Monata is designed as a lightweight Python package, not as a simulator distribution. It integrates with simulator and model-toolchain programs that users install in their own environments.
- Library, cell, and view organization for circuit projects.
- Native circuit/netlist records with ngspice-compatible rendering.
- Backend-neutral simulation tasks, result objects, sweeps, corners, Monte Carlo flows, and measurements.
- Built-in ngspice subprocess backend, plus a shared-library ngspice runner
for environments that provide
libngspice. - Plotting and HDF5 result import/export available from the default install.
- Local technology-library resource directories for reusable model metadata and model-card assets.
Monata supports Python 3.11 and 3.12. The Python package does not bundle simulator binaries, so set up the runtime environment before running simulation examples.
Choose one of these environment paths. The agent-managed pixi path is recommended for new projects. The existing-environment path is only for users who have already built and installed the required circuit packages into the Python environment they plan to use.
This is the recommended environment path when you use Codex, Claude Code, or
another coding agent that can install skills or plugins. Install
monata-sim-env from
lizhangmai/skills, then ask the agent
to create the complete Monata runtime environment for you. The skill builds or
reuses required circuit-tool packages, configures pixi, installs Monata,
bootstraps PTM techlibs, generates monata_readme_demo.py, and runs it. These
install methods are equivalent; use whichever one fits your agent.
Open Skills CLI, for generic skill-aware agents:
npx skills@latest add lizhangmai/skills --skill monata-sim-envCodex plugin marketplace:
codex plugin marketplace add https://github.com/lizhangmai/skills --ref main
codex plugin list --marketplace lizhangmai --available --json
codex plugin add monata-sim-env@lizhangmaiClaude Code plugin marketplace:
/plugin marketplace add https://github.com/lizhangmai/skills
/plugin marketplace update lizhangmai
/plugin install monata-sim-env@lizhangmai
/reload-plugins
Then start a fresh agent session in your project workspace and ask:
Use the monata-sim-env skill to set up this complete Monata environment,
bootstrap PTM techlibs, generate monata_readme_demo.py, and run it.
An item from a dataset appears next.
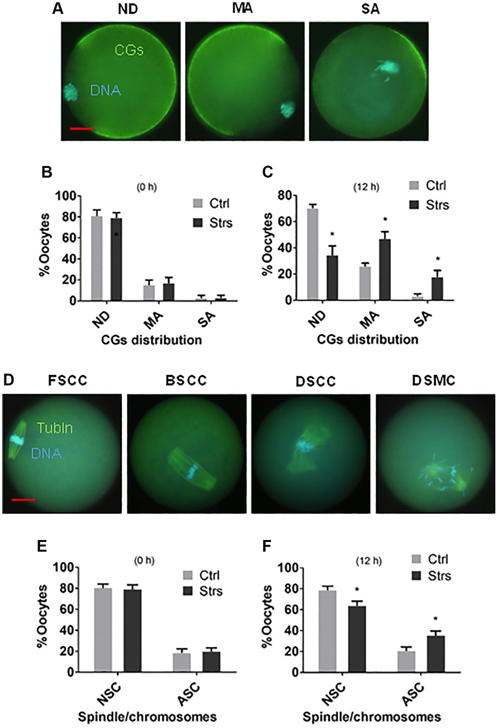 The morphology of spindle/chromosome was categorized into the focused pole spindle (FS), the barrel-shaped pole spindle (BS) or the disintegrated spindle (DS) with congressed chromosomes (CC) or misaligned chromosomes (MC) (Figure 3D). While FS or BS with CC were considered as normal spindle/chromosome morphology, DS with CC or MC were considered as abnormal spindle/chromosome morphology. In 0 h-aged oocytes, neither percentages of oocytes with normal nor those with abnormal spindle/chromosomes differed significantly between stressed and control groups (Figure 3E). In 12 h-aged oocytes, however, while percentages of oocytes with normal spindle/chromosomes were lower, those with abnormal spindle/chromosomes were higher significantly in stressed mice than in control mice (Figure 3F). The results indicate that FRSOD significantly worsened the disorganization of CGs and spindle/chromosomes during mouse oocyte POA.

CONDA_BUILD_OUTPUT_DIR=<absolute-path-you-choose>
MONATA_HOME=<optional-absolute-monata-home>
Replace <absolute-path-you-choose> with a real absolute path before sending
the prompt. If the prompt does not include CONDA_BUILD_OUTPUT_DIR=..., the
agent should ask for it before running build, pixi, or install commands. The
skill inspects the Monata workspace before choosing tool packages; the current
Monata baseline is ngspice plus openvaf-r. The Xyce recipe stack is not
required for the current Monata backend. Omit MONATA_HOME to use
~/.monata; techlibs are installed under $MONATA_HOME/techlibs.
Use this path if your current Python environment already has the relevant
circuit packages installed, such as an ngspice executable on PATH or under
CONDA_PREFIX/bin and openvaf-r for model compilation. In that case, only
the PyPI package needs to be installed.
python -m pip install monata
python -c "import shutil; print(shutil.which('ngspice')); print(shutil.which('openvaf-r'))"If you only use Monata for library organization, netlist generation, or result post-processing, the simulator check is not required until you run a simulation backend.
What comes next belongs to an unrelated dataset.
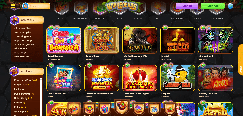 Slot games predominate in WinLegends's catalogue, which you can browse by provider, volatility, or feature. Many mini-gmes have recently been popular, such as Aviator, Plinko, Hotline, Goal, Heads&Tails, Space XY, and many more.

Create a Monata library and build a small circuit:
from monata import LibraryRegistry
from monata.netlist import Circuit
from pathlib import Path
import shutil
demo_root = Path("monata_readme_demo_work")
if demo_root.exists():
shutil.rmtree(demo_root)
demo_root.mkdir(parents=True)
registry = LibraryRegistry()
library = registry.create_library(path=demo_root / "analog", name="analog")
cell = library.create_cell("rc_filter", description="RC low-pass filter")
circuit = Circuit("rc low-pass")
circuit.voltage("in", "vin", "0", "1")
circuit.resistor("load", "vin", "vout", "1k")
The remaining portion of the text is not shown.